From the experiment of the ridge of vermilion wax, we can clearly see that if the bees were to build for themselves a thin wall of wax, they could make their cells of the proper shape, by standing at the proper distance from each other, by excavating at the same rate, and by endeavouring to make equal spherical hollows, but never allowing the spheres to break into each other. Now bees, as may be clearly seen by examining the edge of a growing comb, do make a rough, circumferential wall or rim all round the comb; and they gnaw into this from the opposite sides, always working circularly as they deepen each cell. They do not make the whole three-sided pyramidal base of any one cell at the same time, but only the one rhombic plate which stands on the extreme growing margin, or the two plates, as the case may be; and they never complete the upper edges of the rhombic plates, until the hexagonal walls are commenced. Some of these statements differ from those made by the justly celebrated elder Huber, but I am convinced of their accuracy; and if I had space, I could show that they are conformable with my theory.

Huber’s statement that the very first cell is excavated out of a little parallel-sided wall of wax, is not, as far as I have seen, strictly correct; the first commencement having always been a little hood of wax; but I will not here enter on these details. We see how important a part excavation plays in the construction of the cells; but it would be a great error to suppose that the bees cannot build up a rough wall of wax in the proper position–that is, along the plane of intersection between two adjoining spheres. I have several specimens showing clearly that they can do this. Even in the rude circumferential rim or wall of wax round a growing comb, flexures may sometimes be observed, corresponding in position to the planes of the rhombic basal plates of future cells. But the rough wall of wax has in every case to be finished off, by being largely gnawed away on both sides. The manner in which the bees build is curious; they always make the first rough wall from ten to twenty times thicker than the excessively thin finished wall of the cell, which will ultimately be left. We shall understand how they work, by supposing masons first to pile up a broad ridge of cement, and then to begin cutting it away equally on both sides near the ground, till a smooth, very thin wall is left in the middle; the masons always piling up the cut-away cement, and adding fresh cement, on the summit of the ridge. We shall thus have a thin wall steadily growing upward; but always crowned by a gigantic coping. From all the cells, both those just commenced and those completed, being thus crowned by a strong coping of wax, the bees can cluster and crawl over the comb without injuring the delicate hexagonal walls, which are only about one four-hundredth of an inch in thickness; the plates of the pyramidal basis being about twice as thick. By this singular manner of building, strength is continually given to the comb, with the utmost ultimate economy of wax.

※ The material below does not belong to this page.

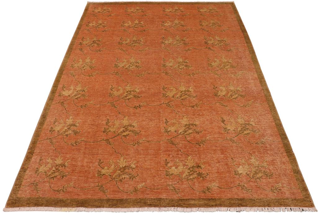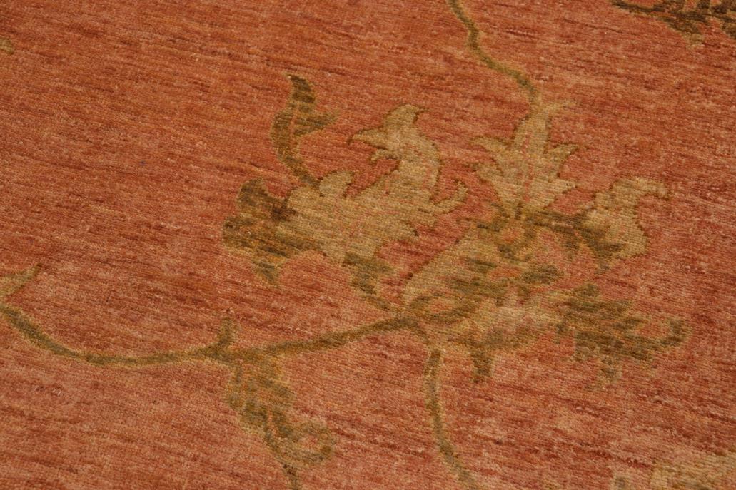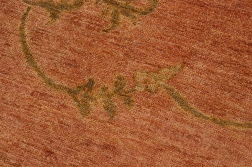 Enhance the ambiance of your home with this magnificent Persian-influenced Turkish hand-knotted rug made by skilled artisans capable of creating the most exceptional vegetable dyes and hand-spun wool. This exquisite handmade rug is a one-of-a-kind Peshawar Kafkaz, otherwise identified as Chobi, Chobi Peshawar, Oushak, or Ziegler rug. These handmade rugs are crafted in Pakistan utilizing superior-quality wool imported from Australia, New Zealand, and Korea in two types of weaves: the Persian weave and the Mori weave. This rug is meticulously crafted by hand using the finest natural vegetable dyes extracted from local plants. The artisans use a blend of hand-spun local and fine merino wool, resulting in a rug with a compelling texture, higher lanolin content, and longer staple. The artisans occasionally incorporate natural or artificial silk into the pile to enhance specific motifs. The finished product is an awe-inspiring execution of flawless design and an understated palette that exudes elegance. Contemporary Peshawar rugs draw inspiration from antique Persian designs and feature modern design motifs with vibrant color tones. Hand-knotted with all-natural dyes, resulting in a unique abrash effect and subtle color variations in the pile. Peshawar rugs are known for their stunning and vibrant colors, achieved through a process inspired by antique methods. The rug's pile is meticulously trimmed to a moderate thickness and then stone-washed and sun-dried, resulting in a natural sheen and pleasing color tones. Transform the ambiance of your room into a luxurious haven with this gorgeous rug featuring a beautiful color palette. This stunning rug features an intricate oriental design that showcases royalty and seamlessly complements any decor. Its hand-knotted construction and natural fibers provide a soft and comfortable feel underfoot, making it the perfect addition to any room.
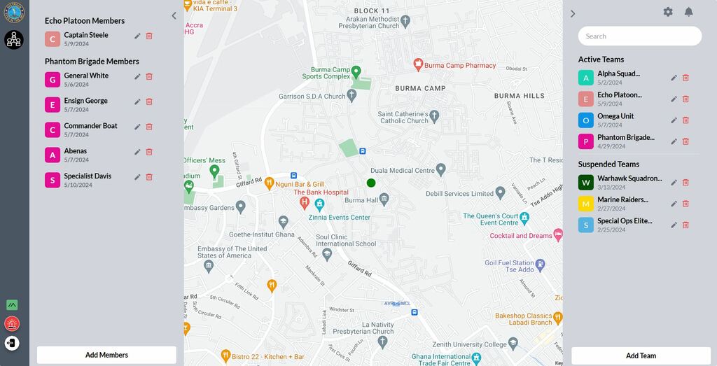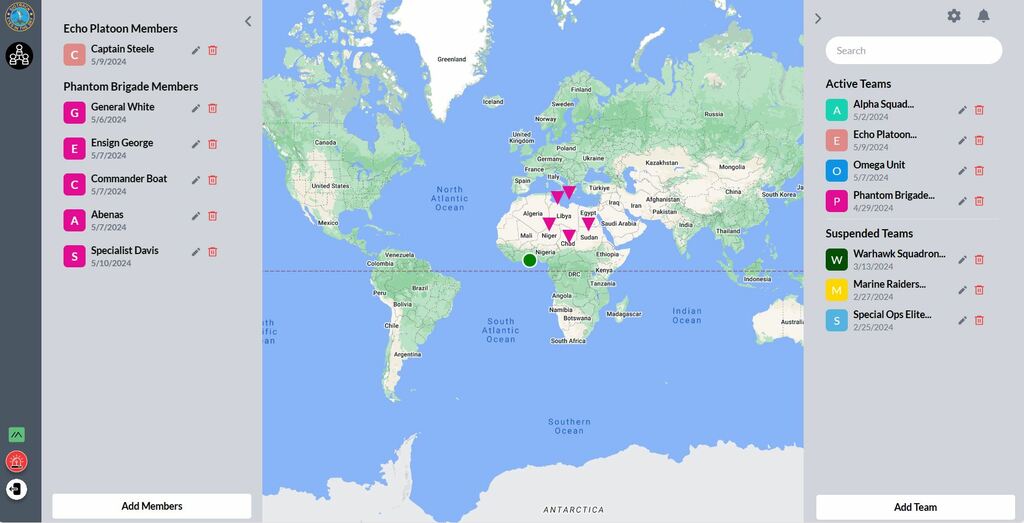 View Each Team Member as a Marker on the Map:Operatives can easily pinpoint the location of each team member by viewing them as distinct markers on the map. Individual colors are assigned to differentiate between team members, allowing for quick identification and tracking in real-time.

It seems at first to add to the difficulty of understanding how the cells are made, that a multitude of bees all work together; one bee after working a short time at one cell going to another, so that, as Huber has stated, a score of individuals work even at the commencement of the first cell. I was able practically to show this fact, by covering the edges of the hexagonal walls of a single cell, or the extreme margin of the circumferential rim of a growing comb, with an extremely thin layer of melted vermilion wax; and I invariably found that the colour was most delicately diffused by the bees–as delicately as a painter could have done with his brush–by atoms of the coloured wax having been taken from the spot on which it had been placed, and worked into the growing edges of the cells all round. The work of construction seems to be a sort of balance struck between many bees, all instinctively standing at the same relative distance from each other, all trying to sweep equal spheres, and then building up, or leaving ungnawed, the planes of intersection between these spheres. It was really curious to note in cases of difficulty, as when two pieces of comb met at an angle, how often the bees would entirely pull down and rebuild in different ways the same cell, sometimes recurring to a shape which they had at first rejected.